The National Park Service has some important bear tips on what not to do if you — and a friend — encounter a bear in the wild.

“If you encounter a bear, never push a slower friend down”, the agency wrote on Twitter on Tuesday“even if you feel the friendship has run its course.”

The agency used the lighthearted joke as a transition to more serious bear safety advice.

“Seeing a bear in the wild is a treat for any national park visitor,” the agency wrote in another tweet. “While this is an exciting time, it’s important to remember that bears in national parks are wild and can be dangerous.”

Bears of different species make their home in various habitats across the United States. Brown or grizzly bears are found in Wyoming, Montana, Idaho, and Washington, while black bears can be found throughout much of the Northeast, Appalachia, and the West Coast, in addition to parts of the South and Midwest.

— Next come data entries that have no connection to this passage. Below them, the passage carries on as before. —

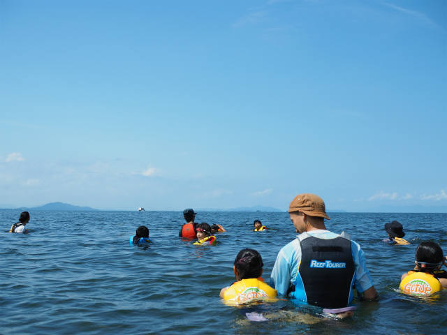 陸から結構離れても、大人の腰~みぞおちくらいの水深
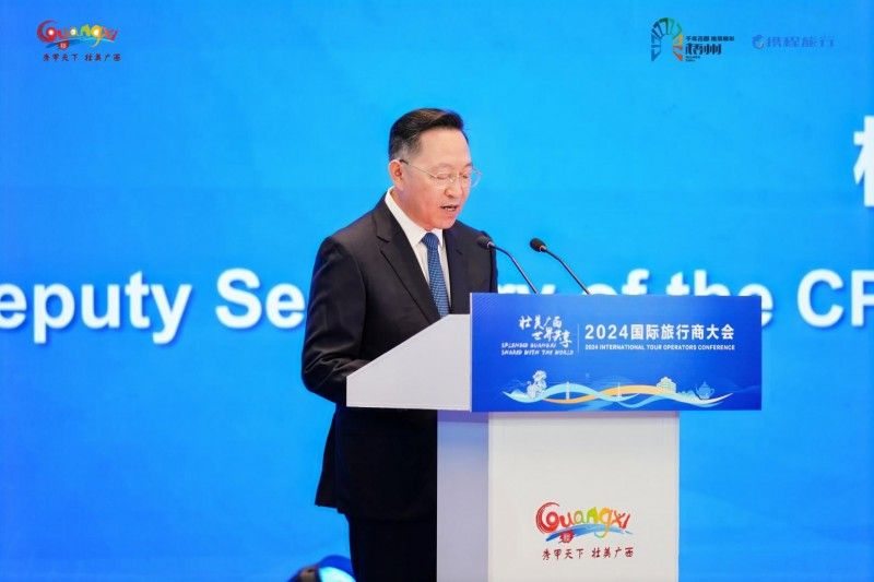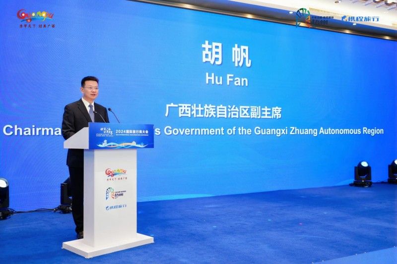 广西壮族自治区副主席胡帆发表致辞。他代表广西壮族自治区人民政府,向出席大会的嘉宾和业界代表们表示热烈欢迎,并指出,近年来,广西注重发挥区位优势,把文化旅游业作为重要的战略性支柱产业,加快打造文化旅游强区,持续推进广西世界级旅游目的地建设。今年前三季度,广西接待国内外游客7.69亿人次、其中入境过夜游客81.7万人次,旅游总收入达8058.75亿元,广西文旅国际影响力不断扩大。此次大会围绕“壮美广西 世界共享”主题,对话世界旅游、共享广西之美,全面展示广西的自然风光与民族文化,共享旅游资源与工作经验,必将进一步促进世界各地旅行商与广西旅游更广领域合作。
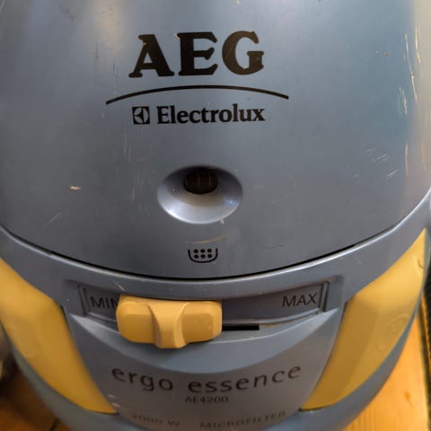 AEG Electrolux støvsuger i sort farve. Udstyret med slange og mundstykke. Designet til almindelig rengøring af gulve og tæpper. Har hjul for nem bevægelse og et håndtag til transport.
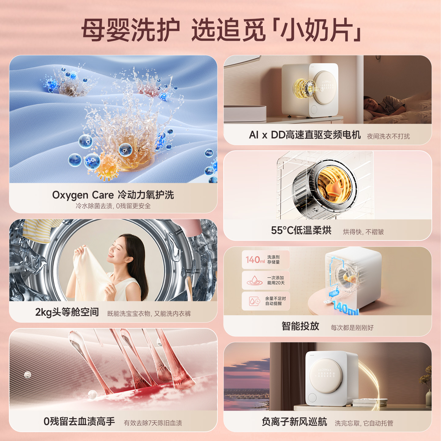 天猫追觅小奶片2kg迷你婴儿宝宝全自动洗衣机小型内衣内裤洗烘一体机
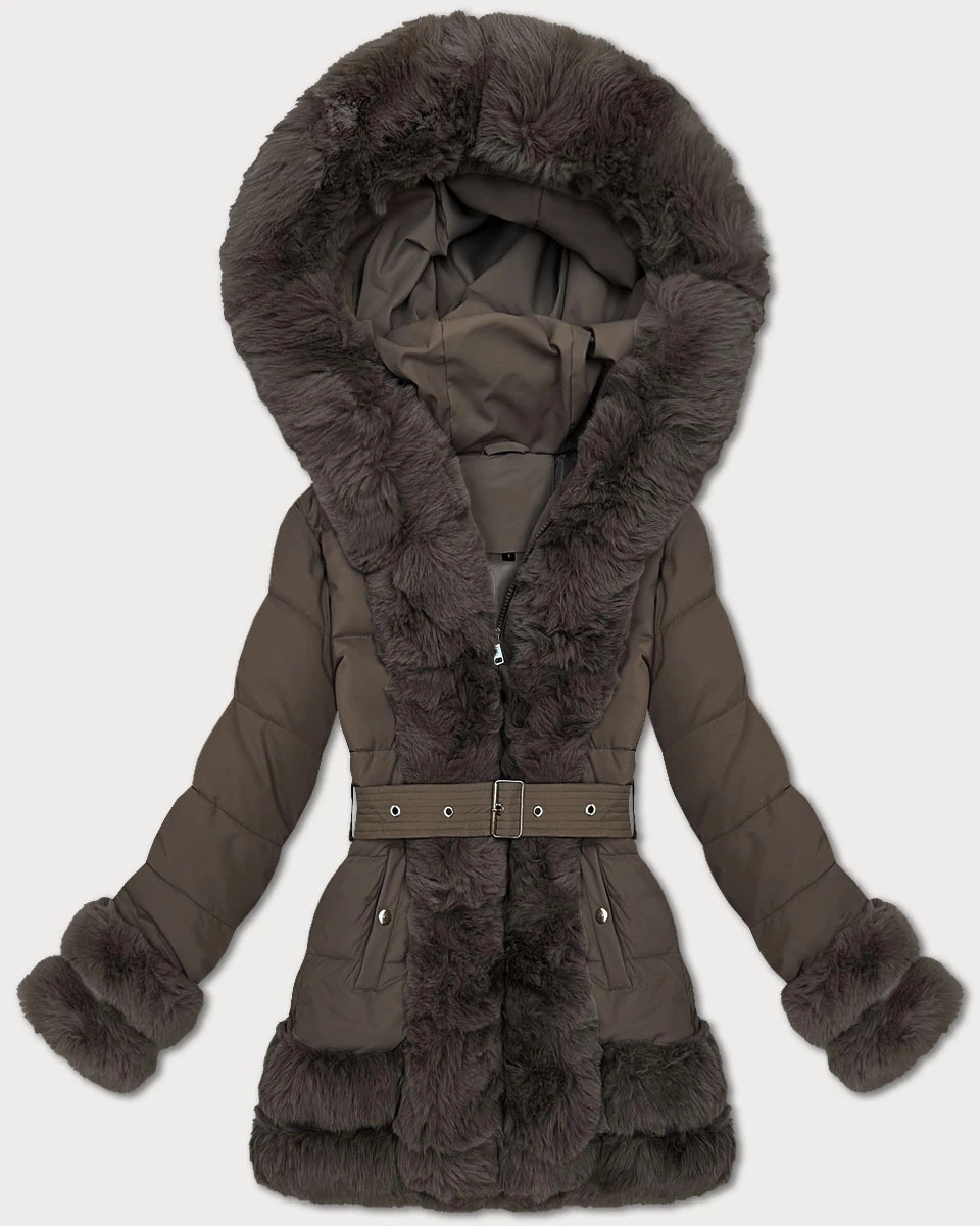 Elegantní hnědá bunda pro přechodné období s kožešinou S'West (B8526-48)
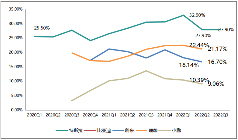先从毛利率水平来看,由于蔚小理2022Q3的数据尚未披露,比亚迪季度不拆分汽车业务,因此以2022Q2为准,对比特斯拉与蔚小理三家:特斯拉毛利率为27.9%,其次为理想21.17%,小鹏的毛利率水平最低。
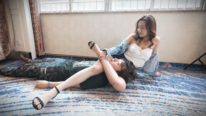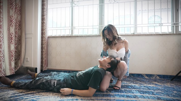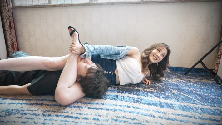 【内容简介】: 这次的奴很听话,影姬决定穿牛仔裤给他点奖励。先是对他腿绞窒息了一会儿;随后播放起中文DJ,坐在奴的脖子上,跟着音乐的律动翩翩起舞。节奏越来越快,影姬的牛仔裤也慢慢坐到了奴的脸上...
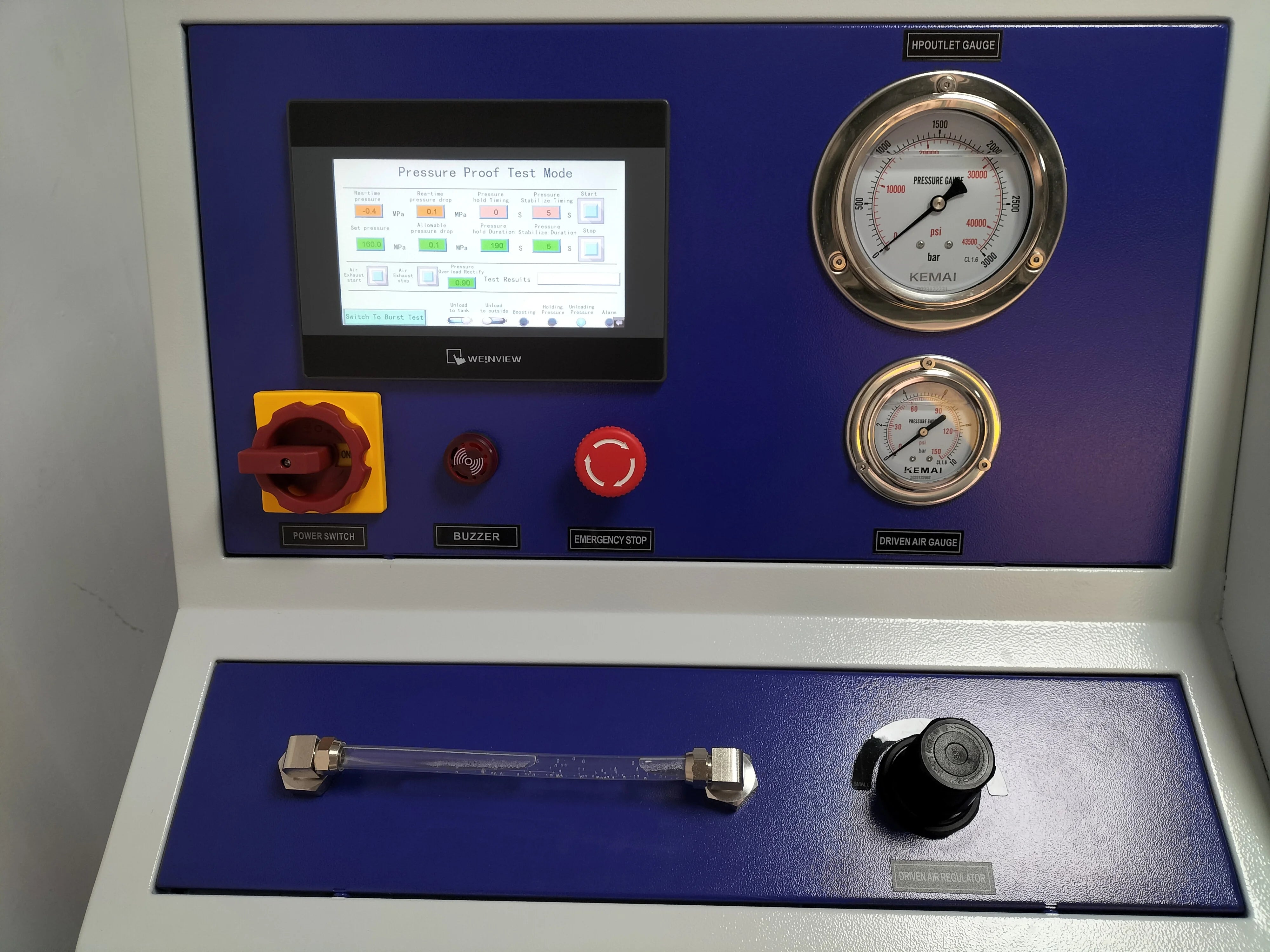 (3). Rotate “Driven air regulator” button to right until maximum (4). Turn on “Power switch” to activate Touch screen, enter “Proof-pressure test interface”, then preset parameters value such as Pressure, Pressure drop, Pressure holding time, etc.
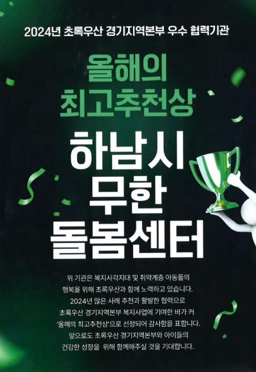[½Åµ¿¾Æ¹æ¼Û Çϳ²½Ã=À̽ŵ¿±âÀÚ] Çϳ²½Ã´Â ÃÊ·Ï¿ì»ê ¾î¸°ÀÌÀç´Ü °æ±âÁö¿ªº»ºÎ¿¡¼­ ¼±Á¤ÇÏ´Â ¡®¿ì¼ö Çù·Â±â°ü ¹× ¿ÃÇØÀÇ ÃÖ°í Ãßõ»ó¡¯¿¡ ¼±Á¤µÆ´Ù°í ¹àÇû´Ù. ÃÊ·Ï¿ì»ê ¾î¸°ÀÌÀç´Ü °æ±âÁö¿ªº»ºÎ´Â À§±â¾Æµ¿À» Áö¿øÇÏ´Â Àç´ÜÀ¸·Î, 135°³ ±â°ü(16°³ ÁöÀÚü ¹× À¯°ü±â°ü ¡¦
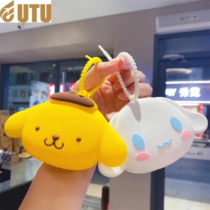 Cartoon keychain Cute silicone coin Mini bag Children's purse doll machine toy gift-F
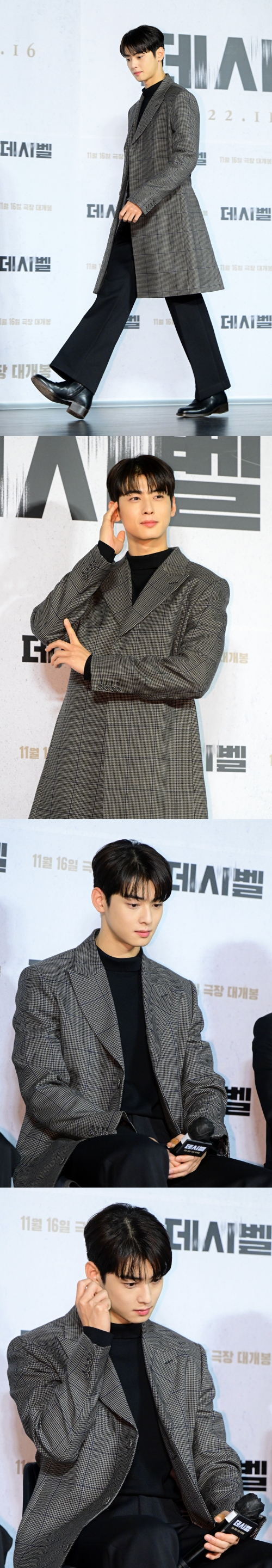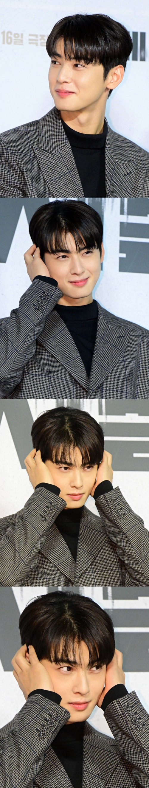 チャ・ウヌはチェック柄のコート姿、中には黒のトップスにパンツを合わせたスタイリッシュな装いを披露した。

The service points out that as spring approaches, the bears will become more active. On their website, the National Park Service advises visitors who encounter a bear to keep their distance from the animal and not startle the bear if it hasn’t noticed you yet. If the bear notices you, you should “identify” as a human by standing still, speaking calmly, and waving your arms. Hikers should also travel in groups if possible.

The website also notes that bear attacks are rare but can occur.

On Twitter, users seemed more interested in asking for more friendship tips from the National Park Service than learning more about bear safety.

One user, for example, asked what he should do “if he considers me a friend, but I just consider him an acquaintance.”

“Friendships are special, but they don’t happen by chance,” the agency replied. “It takes effort and trust to build a lasting friendship. Good luck.”